如果我使用以下命令删除 kube-dns pod:
kubectl delete pod --namespace kube-system kube-dns-<pod_id>
创建了一个新的 kube-dns pod,一切恢复正常(DNS 适用于所有新旧容器)。
我有一个主节点和两个工作节点。它们都是 CentOS 7 机器。
要设置集群,在主服务器上,我运行:
systemctl start etcd
etcdctl mkdir /kube-centos/network
etcdctl mk /kube-centos/network/config "{ "Network": "172.30.0.0/16", "SubnetLen": 24, "Backend": { "Type": "vxlan" } }"

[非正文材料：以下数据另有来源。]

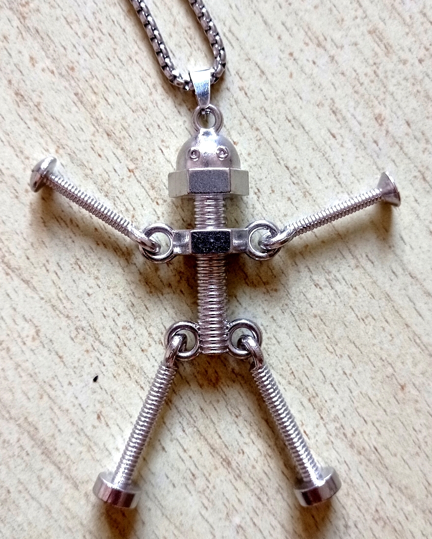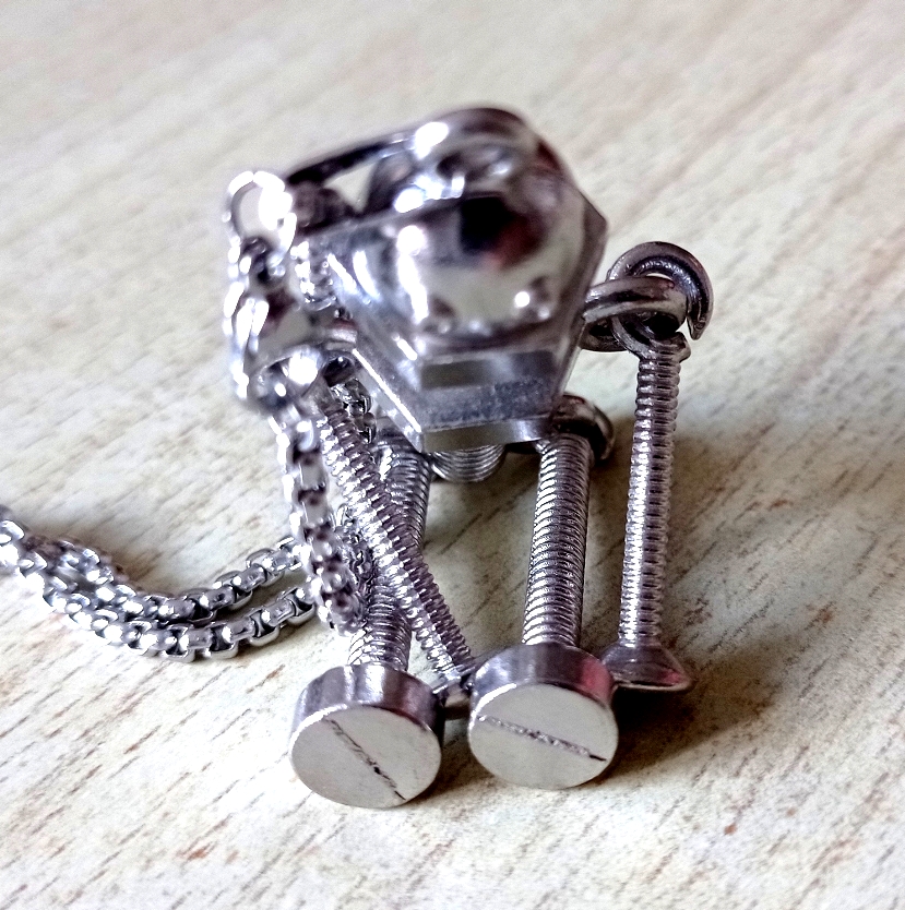 Punk Gothic Screw Robot Stainless Steel Silver Necklace Unique Rare For Men And Women Amazing

systemctl disable etcd && systemctl stop etcd
systemctl enable docker && systemctl start docker
systemctl enable kubelet && systemctl start kubelet
kubeadm init --kubernetes-version v1.10.0 --apiserver-advertise-address=$(hostname) --ignore-preflight-errors=DirAvailable--var-lib-etcd
kubectl apply -f "https://cloud.weave.works/k8s/net?k8s-version=1.10&env.WEAVE_NO_FASTDP=1&env.CHECKPOINT_DISABLE=1"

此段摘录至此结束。